Step 3: Figure out how to get there
Broadly speaking, there are two ways to grow – doing more of the same (assuming it works) and doing something completely new. Some call it momentum vs. strategic initiatives; some call it business-as-usual vs. new business; I don’t care what you call it, but it’s definitely a thing.
If your goal is to grow a bit, and you already know what you’re doing – you have profitable products or services which customers consistently purchase – you can afford the safe option of doing more of the same. Hiring additional sales people, increasing marketing spend, opening another store location, appearing on a few more podcasts, scaling up an affiliate programme, that all falls into this category. It’s not a new thing, but it’s a thing that works and reliably yields results. Here’s where your exercise from Step 1 comes in – it should direct you to the right activities. And, perhaps obviously, don’t be afraid to let go of anything that really doesn’t work, and make space for the stuff that does.

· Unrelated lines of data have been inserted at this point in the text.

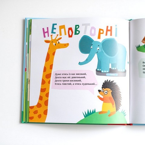 Цю чудову книжку створено спеціально для малят! Короткі віршовані історії про різноманітних тварин допоможуть діточкам змалку зрозуміти, що всі: і тварини, і люди різні, у всіх є переваги й недоліки, є особливості, що роблять нас унікальними. Проте всі ми заслуговуємо на любов і повагу.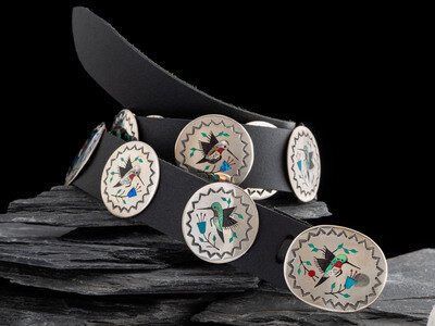 Sterling Silver and Mosaic Inlay Hummingbird Concha Belt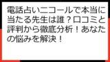 賢く利用して、お得に電話占いニコールの鑑定を体験するための情報が満載です。

If your goal is to grow a lot (hello, the 10X thought experiment!), the previous approach can be a part of what you do, but it won’t be enough on its own – you need to break new ground. Launching new products or services (especially if your current ones don’t scale – I’m looking at you, face-to-face services and custom-made products), or entering new geographies can fall here, as well as serious overhauls of your marketing or operations. Make a list of five to 10 things that have a real potential to help you 10X your business, rank them based on the size of the revenue opportunity and the feasibility (is it doable and what would it take to execute?), and pick 1-3 things with the most points to execute.
It is never a bad idea to do more of the things you already see working well and break new ground at the same time, even though it can be a tough balance. That way, you get the best of both worlds – keeping and developing the existing business and doing whatever has the potential to take it to a whole new ballgame. If you’re lucky enough to be in this position, don’t be afraid to hire to make sure you’re not over-stretched and under-resourced, which will lead to you compromising your existing business, your new initiatives, and your sanity.
And that’s pretty much it. Yes, of course you can and maybe should go more granular and plan every initiative down to the t, but these are the three basic components of annual planning. Know what happened last year, know what you want to happen next year, and make a plan to make sure you get there.
I’m now going to immerse myself in my own 2021 planning (fuelled by plenty of Christmas cookies). I’ll be back in January with the new and improved Tiny CFO! Thank you for sticking around, you’ve been an amazing company.